--- Dataset ---

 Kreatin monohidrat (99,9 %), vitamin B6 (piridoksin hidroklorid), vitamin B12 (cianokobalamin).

---
--- Dataset ---

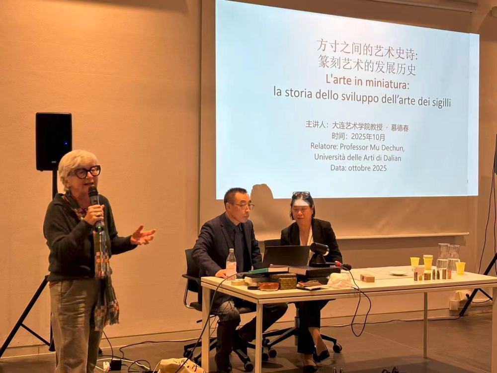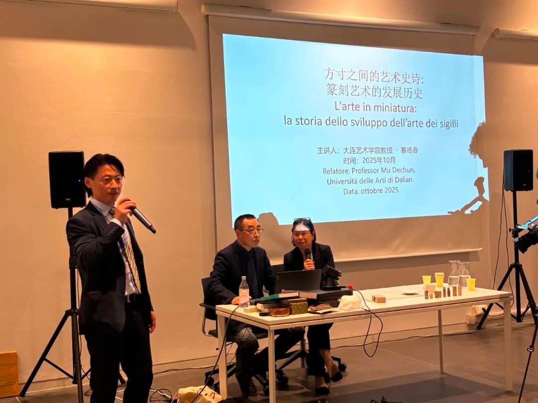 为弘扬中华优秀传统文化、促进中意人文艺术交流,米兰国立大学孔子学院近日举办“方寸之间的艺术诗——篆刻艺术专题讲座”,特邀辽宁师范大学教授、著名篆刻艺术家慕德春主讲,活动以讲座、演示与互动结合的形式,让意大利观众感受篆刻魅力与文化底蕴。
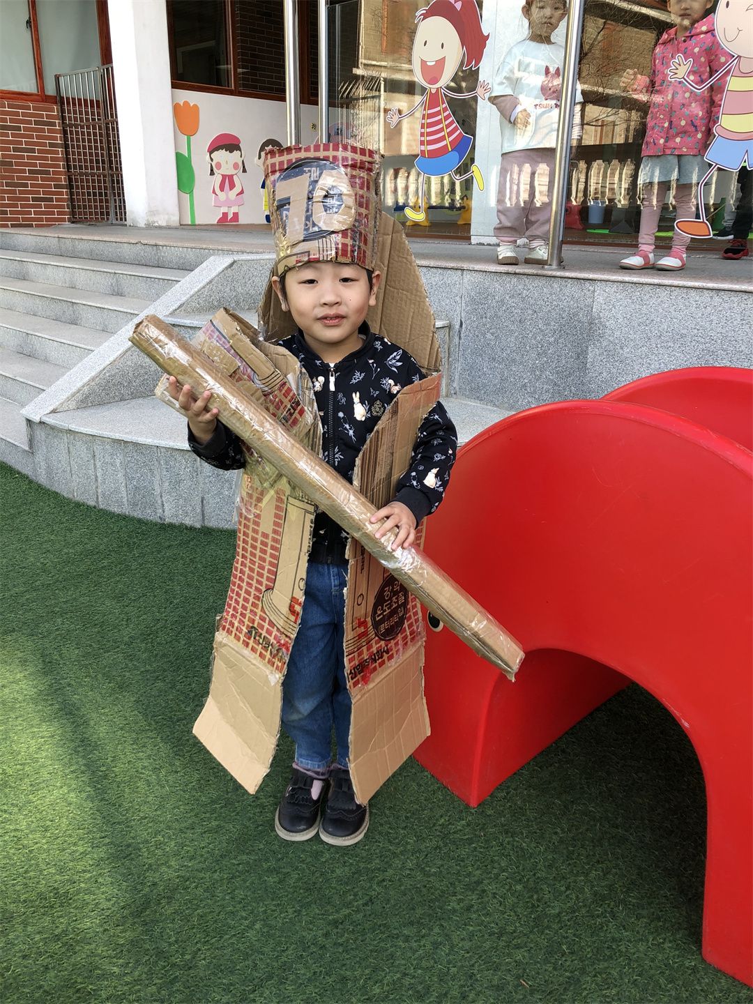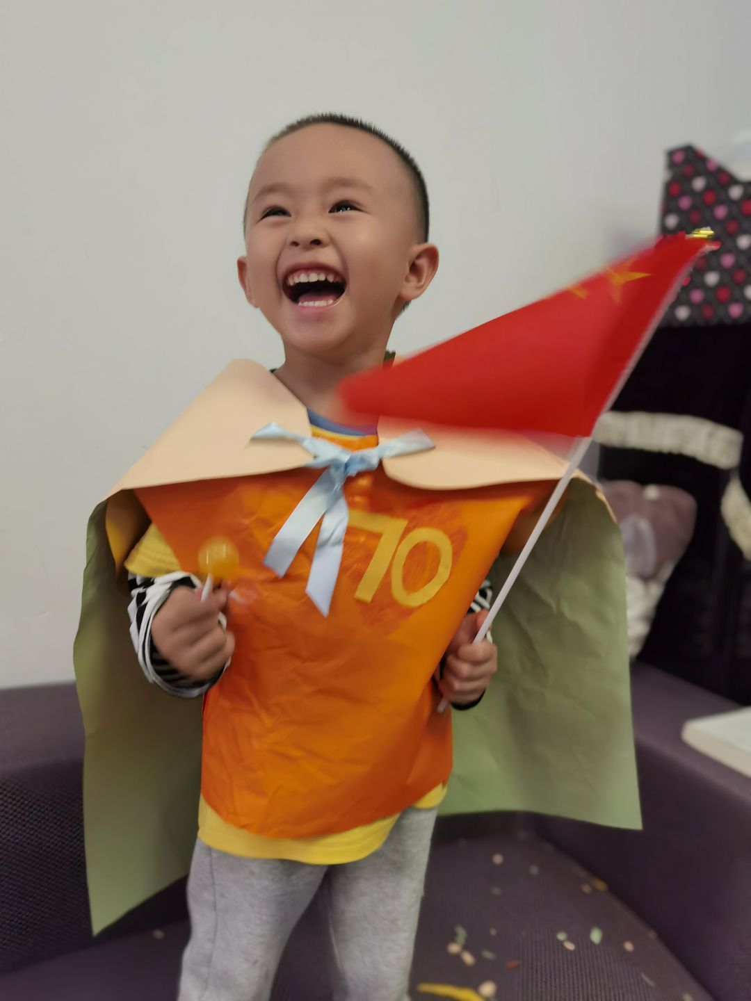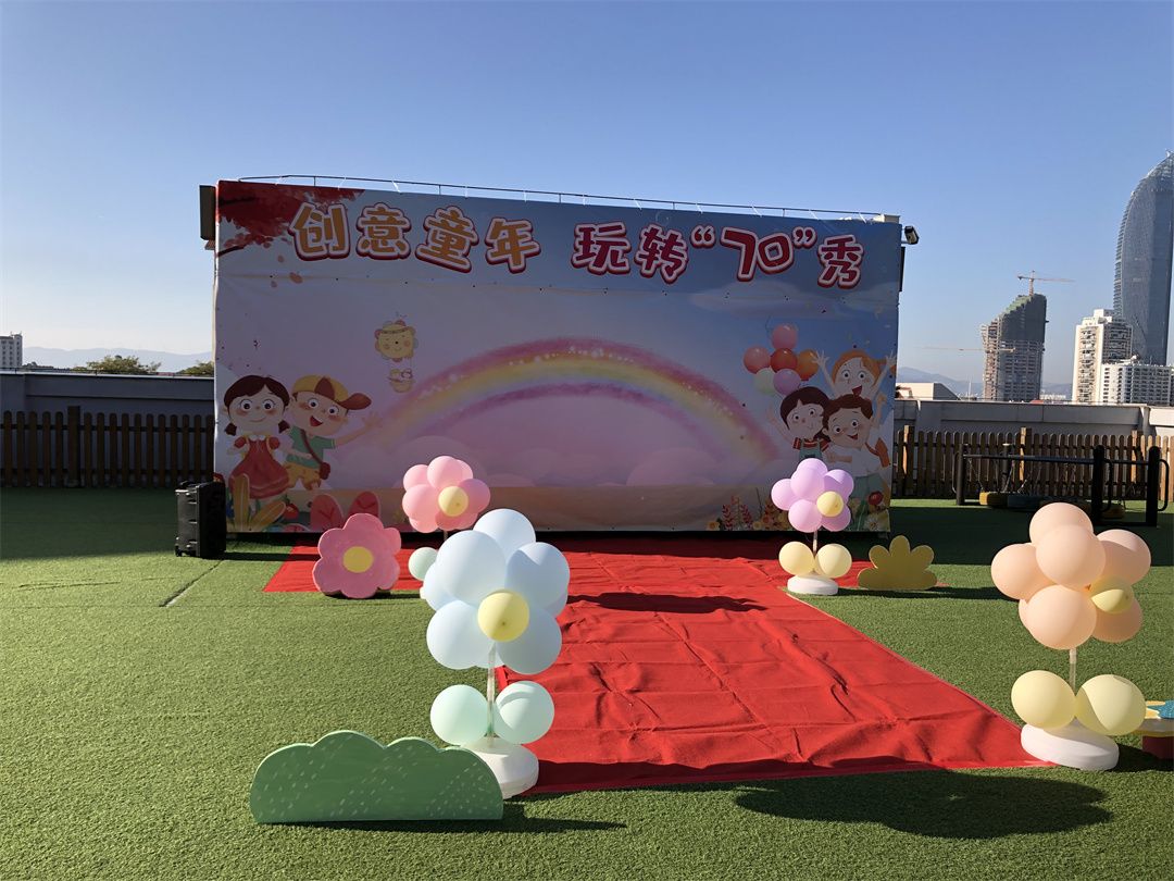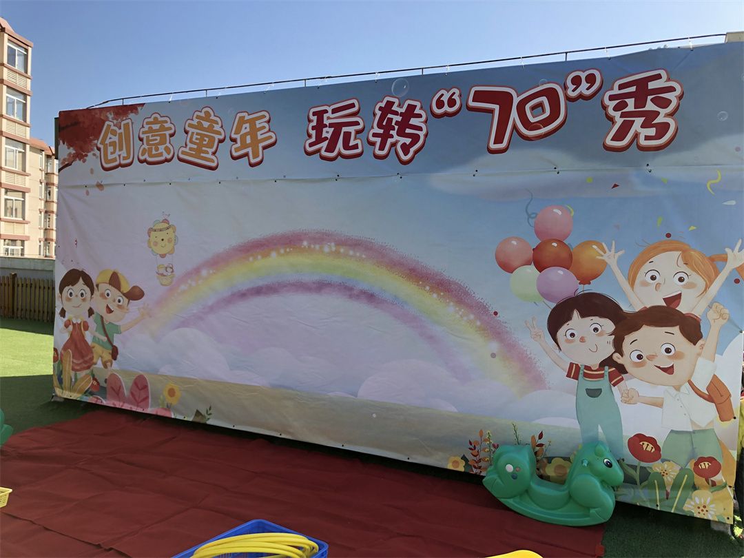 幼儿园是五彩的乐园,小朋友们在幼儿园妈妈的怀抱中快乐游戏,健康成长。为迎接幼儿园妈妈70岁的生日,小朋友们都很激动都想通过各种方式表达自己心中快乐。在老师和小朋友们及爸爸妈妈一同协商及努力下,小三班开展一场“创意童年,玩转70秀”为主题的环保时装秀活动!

---
--- Dataset ---

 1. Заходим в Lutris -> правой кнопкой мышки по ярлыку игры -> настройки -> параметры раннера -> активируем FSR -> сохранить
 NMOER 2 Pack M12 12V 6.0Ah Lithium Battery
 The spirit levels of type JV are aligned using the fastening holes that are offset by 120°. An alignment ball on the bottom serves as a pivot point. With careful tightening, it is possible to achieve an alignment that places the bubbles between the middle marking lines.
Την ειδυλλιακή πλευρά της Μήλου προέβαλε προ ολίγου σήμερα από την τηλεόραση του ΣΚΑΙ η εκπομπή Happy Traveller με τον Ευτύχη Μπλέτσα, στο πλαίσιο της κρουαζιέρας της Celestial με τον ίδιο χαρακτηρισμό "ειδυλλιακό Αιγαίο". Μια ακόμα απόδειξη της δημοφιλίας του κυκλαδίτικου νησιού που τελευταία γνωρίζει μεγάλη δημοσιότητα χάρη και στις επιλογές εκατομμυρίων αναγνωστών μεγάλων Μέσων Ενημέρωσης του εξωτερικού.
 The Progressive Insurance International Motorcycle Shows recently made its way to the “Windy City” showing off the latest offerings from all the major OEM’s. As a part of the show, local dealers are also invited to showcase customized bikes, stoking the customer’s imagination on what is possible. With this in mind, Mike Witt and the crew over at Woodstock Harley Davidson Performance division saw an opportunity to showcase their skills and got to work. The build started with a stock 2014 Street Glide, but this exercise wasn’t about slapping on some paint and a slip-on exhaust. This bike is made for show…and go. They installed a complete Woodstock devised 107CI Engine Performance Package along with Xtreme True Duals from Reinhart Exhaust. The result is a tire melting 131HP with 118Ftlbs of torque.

---

▶ **Work request**
The lines above from the one with "NMOER 2 Pack M12 12V 6.0Ah Lithium Battery" through the one with "The spirit levels" are to be duplicated exactly, ends included, with nothing added.

▶ **Solution**
 NMOER 2 Pack M12 12V 6.0Ah Lithium Battery
 The spirit levels of type JV are aligned using the fastening holes that are offset by 120°. An alignment ball on the bottom serves as a pivot point. With careful tightening, it is possible to achieve an alignment that places the bubbles between the middle marking lines.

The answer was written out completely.